Mas eles me levaram para lá não sem antes deixar os veteranos fazerem uma
avenida de fora a fora no meio de minha vasta cabeleira que à propósito
não via uma tesoura desde uns bons 6 ou 7 meses (aposta com os pais que ia
entrar na faculdade para não precisar cortar o cabelo). Eles chamaram
aquilo de "corte Larry" em alusão a um dos 3 Patetas que tinha apenas
dois tufos de cabelos nas laterais da cabeça. Mas, já prevenido, havia separado
um boné junto com as demais peças de viagem.
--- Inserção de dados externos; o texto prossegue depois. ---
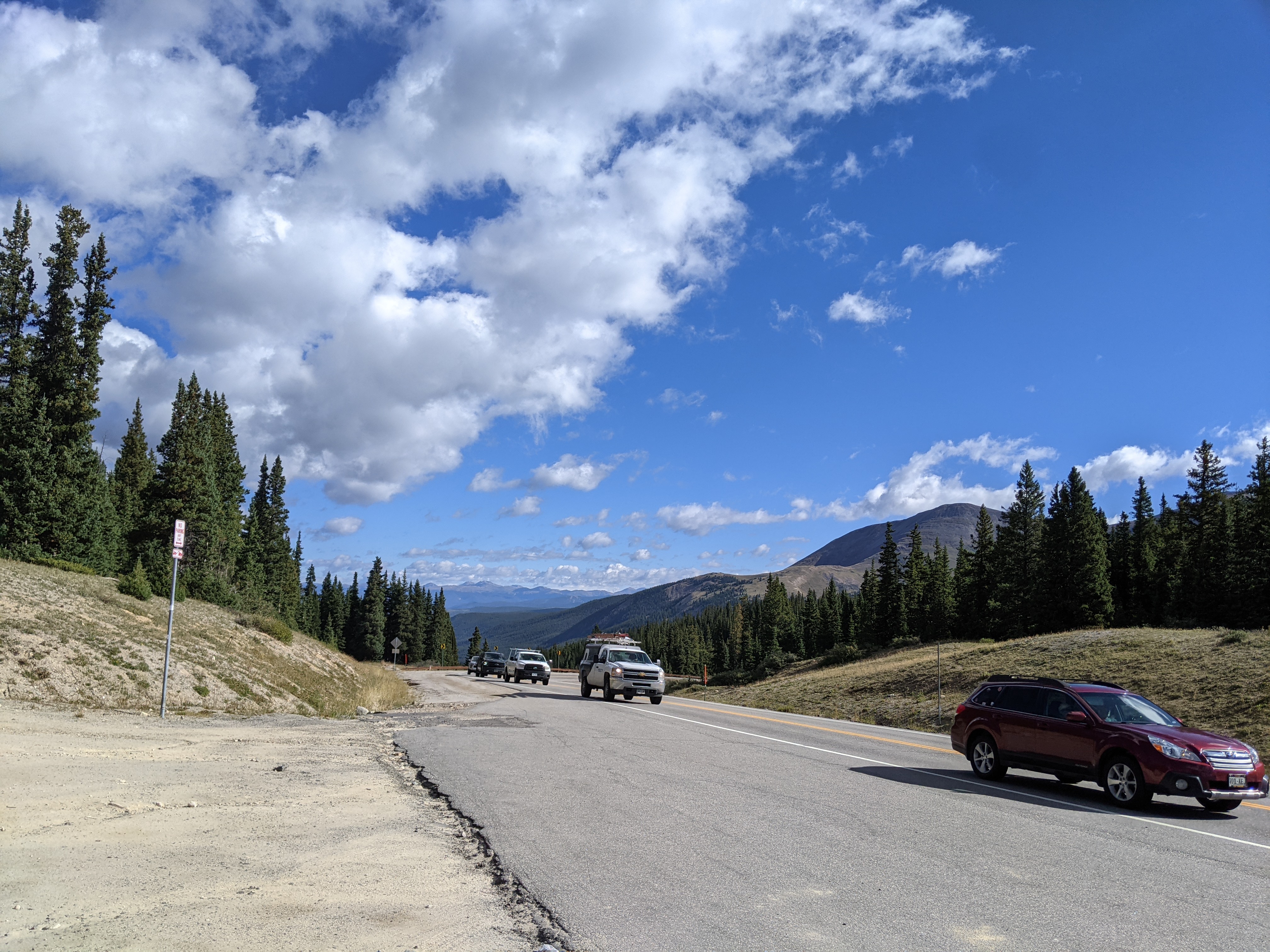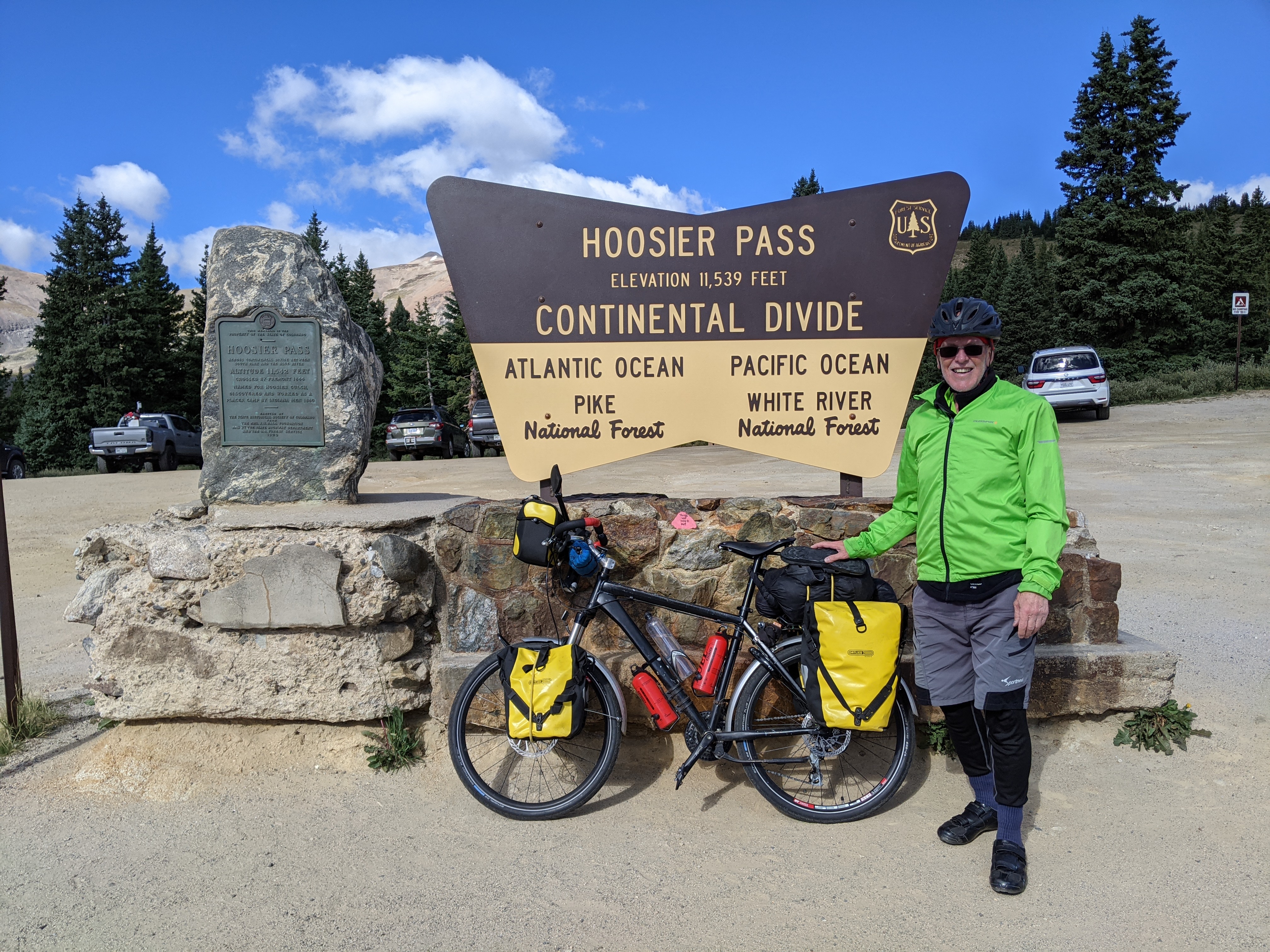 On Tuesday it was over the Hoosier Pass, the highest point of the TA Trail. The ascent was only 2,000 ft and it took me just 2 hours. Only two times I was almost running out of gears, both times on the inside of serpentines. Tommy, you know from the Logie Kirk Climb, what difference the inside and outside make. The 30 days of training seems to be paying off. I got to the top without much of a problem. In planning, the 11,000 ft were a bit of a worry, but in the end it all went smoothly.

Me deixaram praticamente na esquina da Santa Efigênia com a
Duque de Caxias e assim que saí do carro, muito feliz pelas circunstâncias do momento,
li aquela bela inscrição "ESTRADA DE FERRO SOROCABANA" no alto do
prédio (que graças a Deus ainda existe, assim como os vitrais da Paulista
na Libero Badaró) e com enorme sorriso dirigi-me à entrada da Estação, sem
deixar de admirar sua maravilhosa arquitetura, vitrais, etc. A fila na
bilheteria não estava grande, o trem deveria sair às 20h38 e eram por volta de
19h15, pouco mais, pouco menos. Pedi uma passagem leito (mordomia que o paizão
concedeu pela entrada na facu) e só havia disponível leitos superiores, teria
que dividir a cabine com outra pessoa. Não me importei e comprei. Se quisesse,
enquanto não viesse o sono, poderia ficar num carro de primeira
classe.
Ao dirigir-me à catraca de embarque (o trem saía na
plataforma à direita de quem olha a via a partir das bilheterias),
imediatamente dois guardas ferroviários e um funcionário da Fepasa me abordaram
para entender qual a razão de eu estar viajando daquele modo (cabelo cortado de
um jeito esquisitíssimo, roupas largadas, mala sem alça levada embaixo do
braço) e ainda com uma passagem para o carro leito. Felizmente a faculdade
tinha já emitido a carteirinha no momento da matrícula e poucos segundos depois
lá estava eu, bicho de faculdade, com pouco mais de 17 anos conversando
animadamente sobre a Fepasa, Sorocabana, etc. e tal com o
funcionário, que fez questão de me acompanhar até o local onde iria
encostar o carro leito, bem no final da plataforma. Lembro que ele contou
de dois engenheiros que haviam sido demitidos por especificarem trilhos curvos,
com raio de x metros, para serem assentados, entre outras coisas. Porém, o
que era para ser 20h20 (horário do trem encostar) passou a ser 21h00 e de
repente lá vem a LEW puxando um extenso comboio de 18 carros, com vários carros
de segunda, alguns de primeira, depois outros tantos de segunda, mais outros de
primeira e lá na frente o carro restaurante e o carro dormitório. Assim que o
trem parou, o funcionário da Fepasa pediu para chamar o Chefe do Trem e
explicou a minha situação. Foi então que entendi o motivo da preocupação de
ficar comigo e da abordagem: Sujeitos que tinham minha aparência eram
geralmente foragidos de cadeias por aí; o Chefe satisfeito com as explicações
me levou até o carro dormitório, ao passar pelo carro restaurante apresentou-me
a um dos garçons e finalmente ao guarda do carro dormitório, ao qual entreguei
a passagem, ele me disse que seria chamado antes de Ourinhos. Nesse
momento, o carro deu aquele "tranco", duas lindas locomotivas
elétricas estavam sendo engatadas àquele não menos lindo trem de 18 carros, que
em Ourinhos seria segmentado, parte seguiria para o Norte do Paraná e a parte
da frente (com o restaurante e o dormitório) até Assis (fim do trecho
eletrificado e da sinalização CTC). Das duas locomotivas, a que
estava encostada no trem era a 1-C+C-1 2069, de fabricação Westinghouse e ainda
na 1.a pintura da Fepasa (azul / cinza), mas a frontal era do mesmo tipo,
mas da série das GE, já na 2.a pintura Fepasa (vermelha com faixas brancas)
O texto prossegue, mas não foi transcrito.